Operação bloqueia R$ 6 bi das facções

O trabalho de inteligência da Polícia Civil de São Paulo resultou no bloqueio judicial de R$ 6 bilhões de uma rede responsável por lavar dinheiro do crime organizado, na maior investigação patrimonial e financeira já realizada pelo Departamento Estadual de Investigações Criminais (Deic).

A Operação Falso Mercúrio, deflagrada nesta quinta-feira (4), mirou o ecossistema financeiro do grupo. Também foram apreendidos mais de 250 carros de alto luxo, armas de fogo, dólares e euros em espécie.

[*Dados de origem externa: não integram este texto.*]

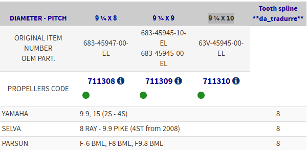- Numar caneluri : 8 potrivit si pentru motoare : Selva 8 RAY - 9.9 PIKE 4 TIMPI potrivit si pentru motoare : Parsun F-6 BML, F8 BML, F9.8 BM

“É uma das maiores operações já deflagradas pela Polícia Civil contra a lavagem de capitais. Os envolvidos no crime viviam uma vida de luxo e conseguiam milhões com a atividade ilícita. Hoje, nós avançamos contra essa rede criminosa”, disse o secretário da Segurança Pública, Osvaldo Nico Gonçalves.

No total, 57 contas foram bloqueadas, sendo 20 de pessoas físicas e 37 de empresas. Cada conta pode ter o bloqueio de até R$ 98 milhões. Ao menos 257 veículos, avaliados em R$ 42 milhões, tiveram restrições judiciais aplicadas. Foi determinado também o sequestro e indisponibilidade de 49 imóveis que somam R$ 170 milhões.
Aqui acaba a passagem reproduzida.